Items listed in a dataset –
....
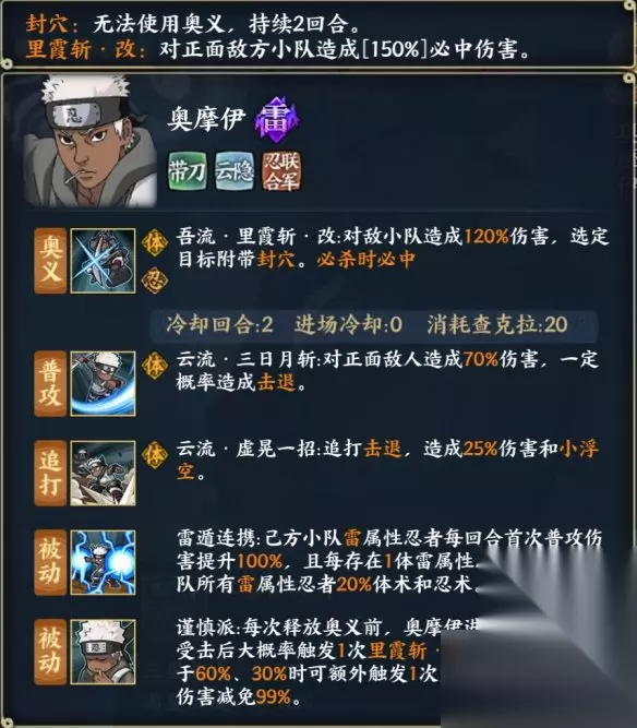 u00a0奥义:吾流·里霞斩·改:对敌小队造成120%伤害,选定目标附带封穴。必杀时必中 奥摩伊在第四次忍界大战,面对大量白绝时,会以剑快速地使出月牙形的大型斩击。
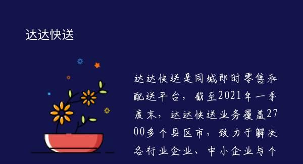 达达快送是同城即时零售和配送平台,截至2021年一季度末,达达快送业务覆盖2700多个县区市,致力于解决各行业企业、中小企业与个人用户丰富的同城配送需求。?【同城即时配送平台】
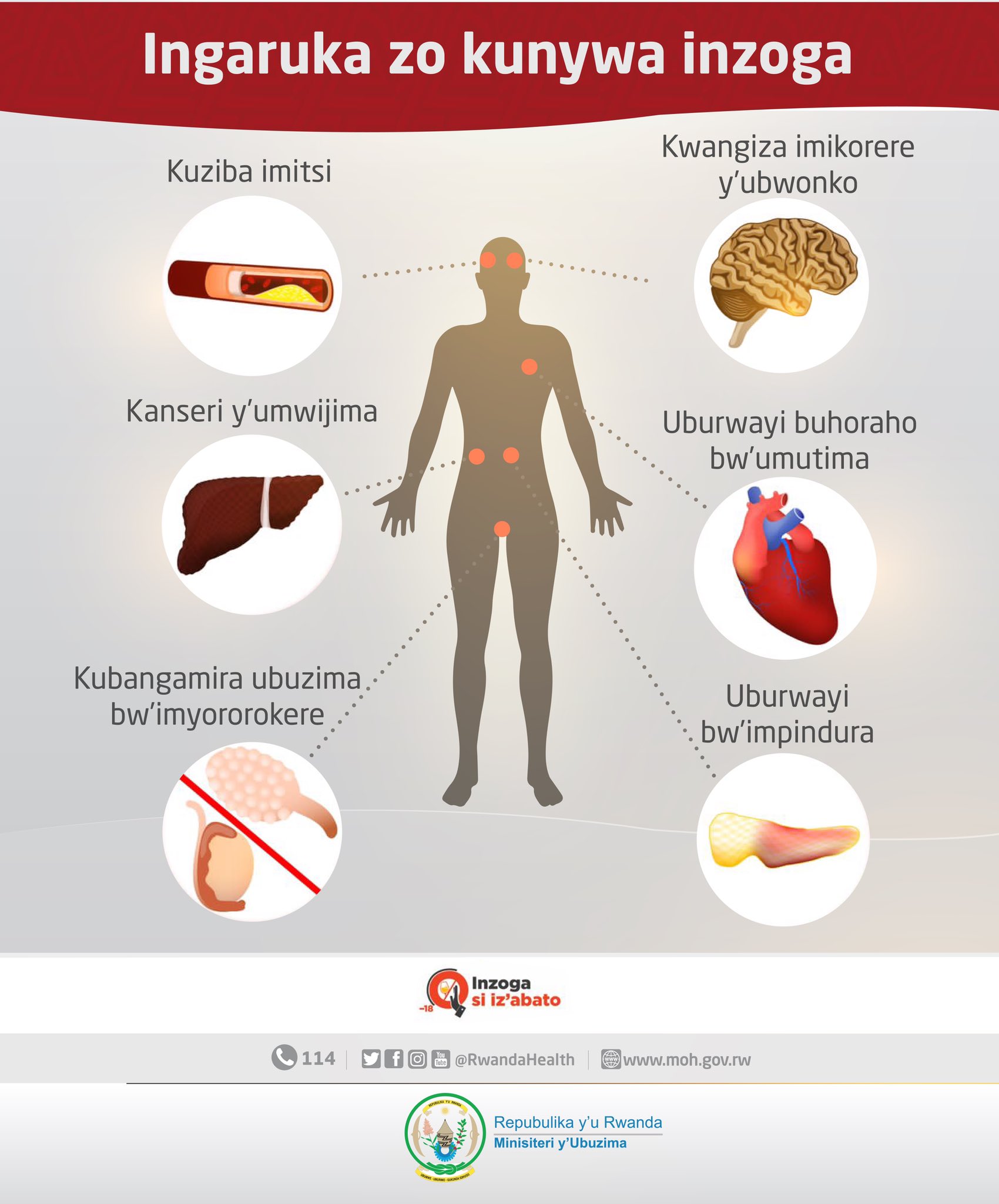 Minisiteri y’Ubuzima mu Rwanda inyuze ku mbuga nkoranyambaga zayo zirimo Twitter yatangarije abanyarwanda ingaruka mbi ku muntu ukunda kunywa inzoga nyishi.
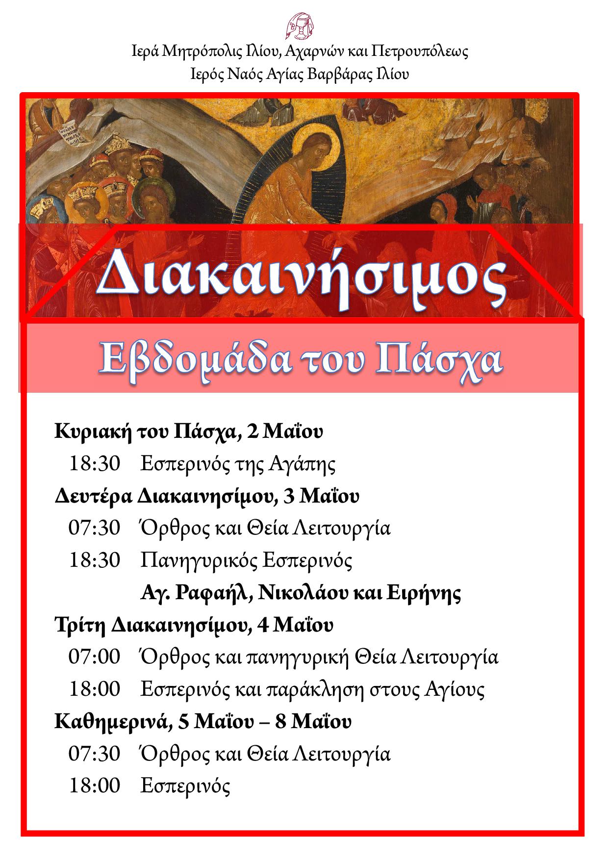 Δείτε το πρόγραμμα ακολουθιών της Διακαινησίμου Εβδομάδας στον Ιερό Ναό Αγίας Βαρβάρας Ιλίου.
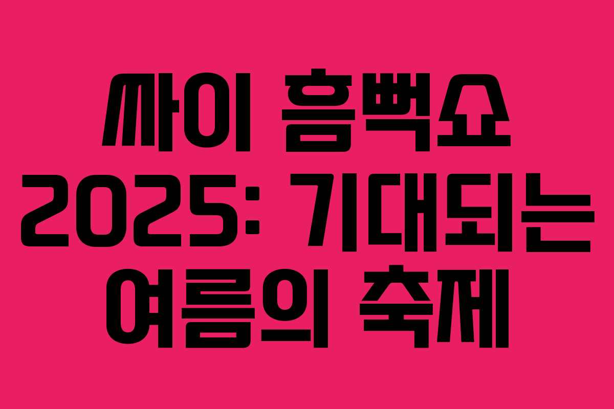 싸이 흠뻑쇼 2025: 기대되는 여름의 축제
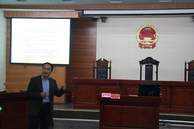 11月13日,兰州大学经济法学研究所所长刘光华教授应邀做客“法苑讲坛”,在模拟法庭为公司师生举办了题为“特色法治与民主思维:兼及中国法学教育的反思”的讲座。讲座由副经理周俊强教授主持。
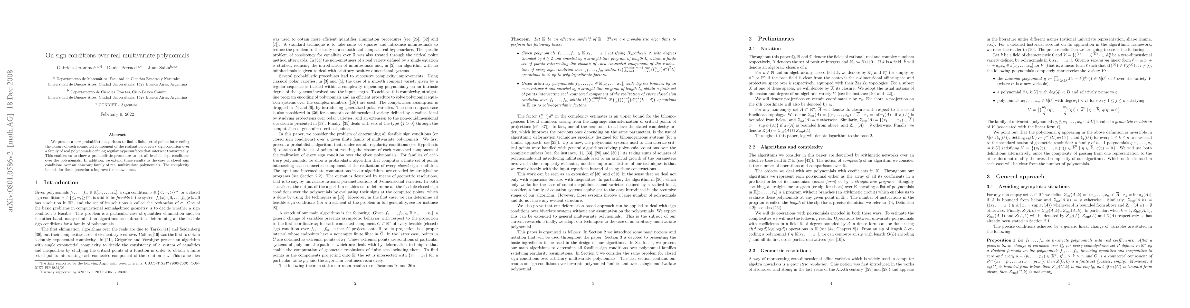 Researchers developed a new algorithm to find points where sign conditions over real polynomials intersect, enabling a probabilistic method to list all feasible sign conditions. This breakthrough improves complexity bounds for procedures in this field.
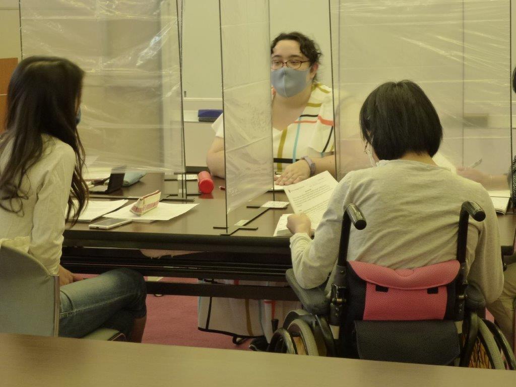 「この度は、貴校で製作された「エチケットウォール断みつくん」をご利用させていただき、我々JCMU一同、大変うれしく思っています。2020年は、多くの人にとって非常に困難な年です。しかしながら、貴校の生徒、教員の方々の活動は、我々がこの試練の時にあって、コミュニティーがどのように団結していくべきか示唆していただき、助けられました。我々の英語クラスでもしばしばこの衝立を利用させていただいており、この衝立のクオリティや職人技を称賛するコメントが数多く、教員やスタッフに寄せられています。今後も皆さんの技術を磨き、こうした活動を続けていっていただければ、将来的に皆さんの周りの世界がよりいっそう良い方向に改善していくことになると確信しています。JCMUより、今一度、皆様に心より感謝申し上げます。」
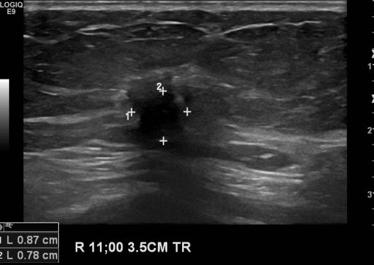 상기환자 건강검진상 이상소견을 내원하신 60대 여성분으로 우측 11시 방향 3.5cm
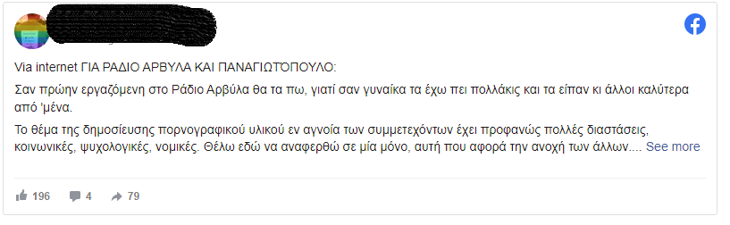 Την ανάρτηση της εργαζόμενης στο Ράδιο Αρβύλα έχουν κάνει repost και άλλοι χρήστες του Facebook:
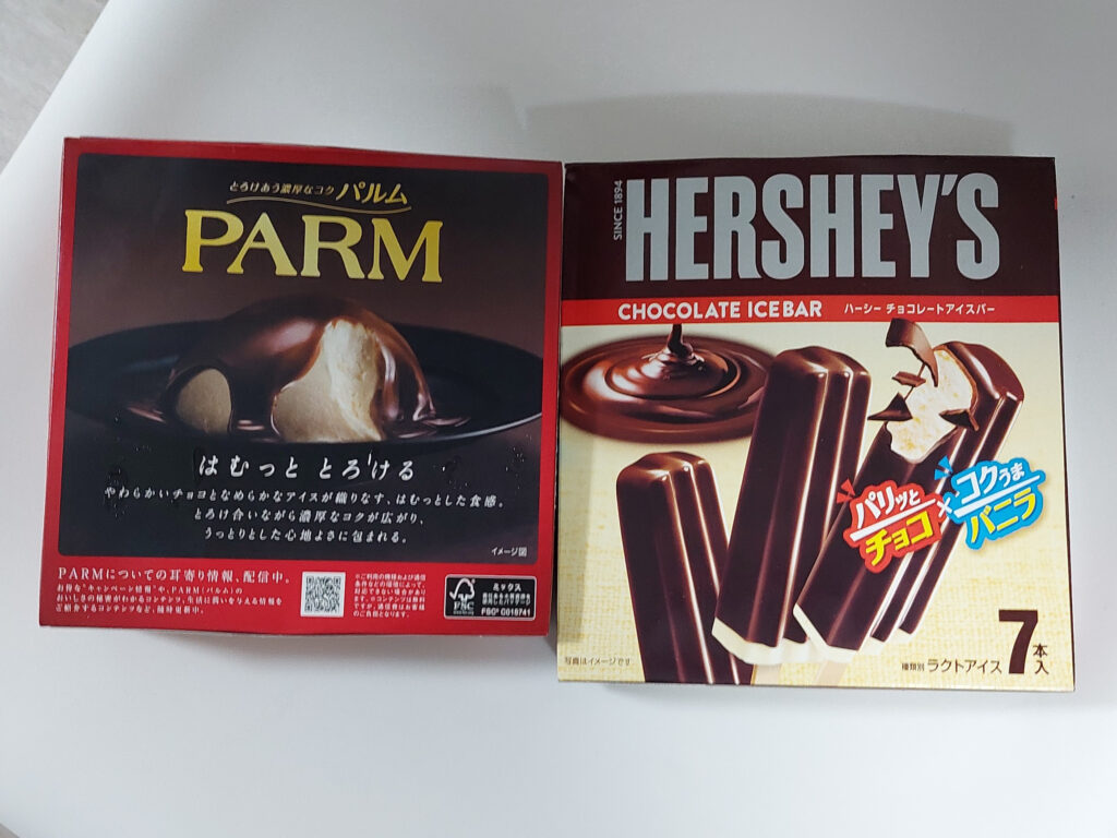 最近はピノアイスだと食べ過ぎるので、アイスバーにしてます!!!(それでも、糖尿なのに・・・食べ過ぎますが・・・)いつもの、パリパリバー(アイスにチョコレート練りこんでいるバー)が残念ながら、売って無く、パルムと初めて見る、ハーシーチョコレートアイスバーを買って、早速食べ比べて、みました!!!パルムの圧勝です(一本ずつのつもりが・・・パルムはお代わり???してしまいました・・・)!!!
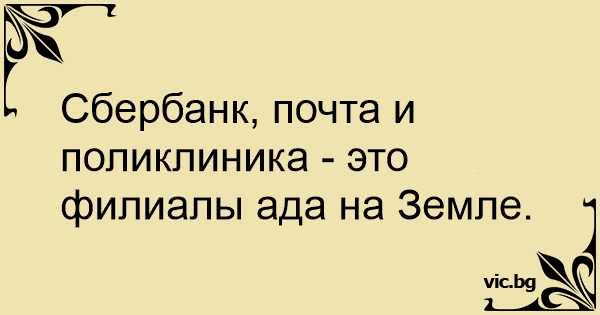 Сбербанк, почта и поликлиника - это филиалы ада на Земле.
....
Beginning at the line that contains "Την ανάρτηση της" and ending at the last line of the data, return each line exactly; no picture belongs in the copy.

TASK RESPONSE –
 Την ανάρτηση της εργαζόμενης στο Ράδιο Αρβύλα έχουν κάνει repost και άλλοι χρήστες του Facebook:
 最近はピノアイスだと食べ過ぎるので、アイスバーにしてます!!!(それでも、糖尿なのに・・・食べ過ぎますが・・・)いつもの、パリパリバー(アイスにチョコレート練りこんでいるバー)が残念ながら、売って無く、パルムと初めて見る、ハーシーチョコレートアイスバーを買って、早速食べ比べて、みました!!!パルムの圧勝です(一本ずつのつもりが・・・パルムはお代わり???してしまいました・・・)!!!
 Сбербанк, почта и поликлиника - это филиалы ада на Земле.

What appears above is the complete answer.